Titanic passengers and the Normal distribution
Dataset of passengers on the Titanic
- What are your expectations for how age should be distributed?
- We are going to violate our first three rules:
- Make a picture
- Make a picture
- Make a picture
Were the passenger ages normally distributed?
To answer that question, we need some information about the distribution
Remember, our main information about distributions is:
Shape
Center
Spread
Information about age
- Standard deviation: 14.4
- Mean: 29.9
- Normal model: \(N(\mu, \sigma) = N(29.9,14.4)\)
- \(\mu\) is the theoretical mean
- \(\sigma\) is the theoretical standard deviation
- These values define the data generating process
- We only see some values of the data generating process, but if we saw infinite values, the mean would be \(\mu\) and the sd would be \(\sigma\)
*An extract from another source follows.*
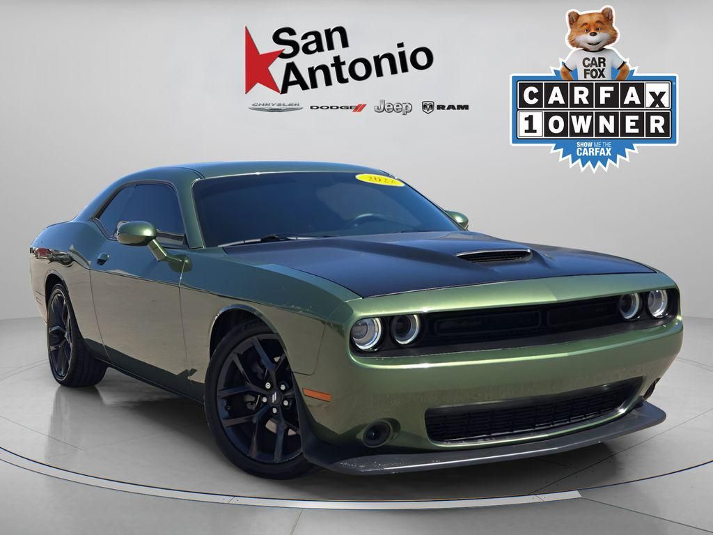 Discover the perfect blend of style and performance with this 2022 Dodge Challenger GT. This stunning sports car is a true head-turner, boasting a bold and aggressive exterior that commands attention wherever it goes.- *MANAGER SPECIAL*- Blacktop Package- Quick Order Package 2EL- Black Fuel Filler Door- Black Grille w/Bezel- Challenger Blacktop Grille Badge- GT Black Grille Badge- Rear Black Spoiler- Satin Black Dodge Tail Lamp Badge- Apple CarPlay/Android Auto- Gloss Black I/P Cluster Trim Rings- Wheels: 20"" x 8.0"" Black Noise PaintedPowered by a robust 3.6L V6 24V VVT engine and paired with an 8-Speed Automatic transmission, this Challenger GT delivers an exhilarating driving experience. With a fuel-efficient 19 city/30 highway MPG rating, you'll enjoy the perfect balance of power and efficiency.The Blacktop Package adds a touch of menacing style, with a black fuel filler door, black grille, and black spoiler, complementing the stunning F8 Green exterior. Inside, the Houndstooth Cloth Performance Seats provide both comfort and support, while the Uconnect 4 infotainment system with 7"" display keeps you connected and entertained.Packed with an impressive array of advanced features, this Challenger GT offers the perfect blend of performance, technology, and style. From the standard Apple CarPlay and Android Auto integration to the SiriusXM Satellite Radio, you'll enjoy a premium driving experience every time you get behind the wheel.Don't miss your chance to own this exceptional 2022 Dodge Challenger GT. With its impressive capabilities, head-turning looks, and well-appointed interior, this sports car is sure to turn heads and provide an unforgettable driving experience. Visit our showroom today and let us help you find your new Chrysler, Dodge, Jeep, or RAM right here in San Antonio!Find your new Chrysler, Dodge, Jeep, or RAM right here in San Antonio! Serving nearby cities like Cibolo, Selma, Converse, and New Braunfels — plus premium neighborhoods like Alamo Heights and The Dominion — San Antonio Dodge is your go-to dealer for new vehicles. And with our Easy Price Promise, you'll always know you're getting a great deal. Come see us today — no stress, just the keys to your next vehicle.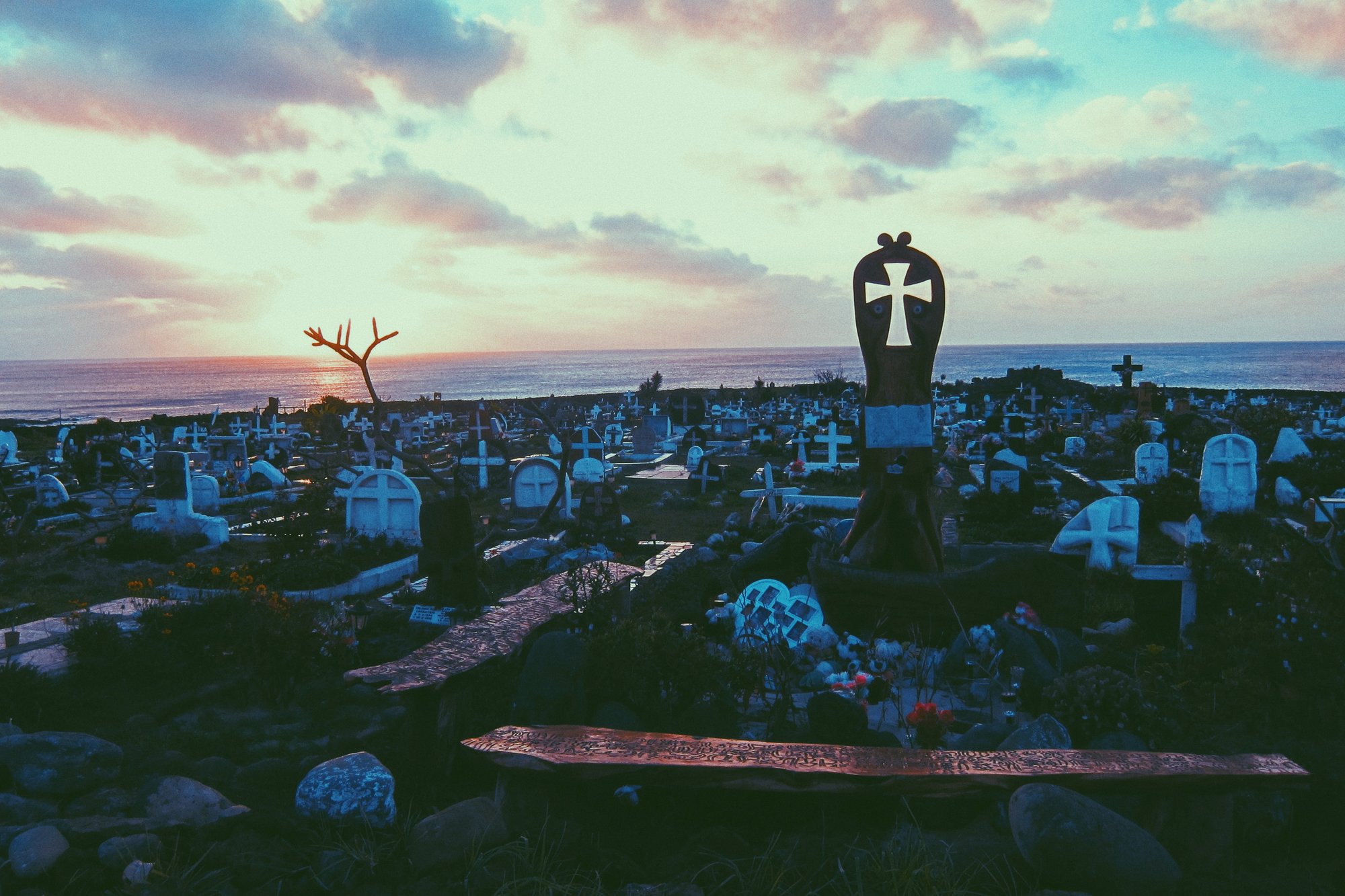 It is early, the morning after a national holiday, and the empty ramada flaps white plastic, abandoned a few hours ago as the sun scratched the caldera, the drums fell silent, and there was only the wind. It is a constant. Howling off the Pacific, in conversation with the moai that face away, squat, sulky children with stony expressions, backs turned.

- More on this in the second half of class
- How can we check normality using this information?
Checking normality
Thinking about normality
- We can check normality by comparing the quantiles of our data with that of the known quantiles of the normal distribution
- We know approximately 95% of the data lies within two standard deviations
- Therefore, 2.5% data with the lowest values lie outside of -2 standard deviations and 2.5% of data with the highest values lie outside of 2 standard deviations
- Similarly, we know the same information for data within one standard deviation (16%, 68%, 16%)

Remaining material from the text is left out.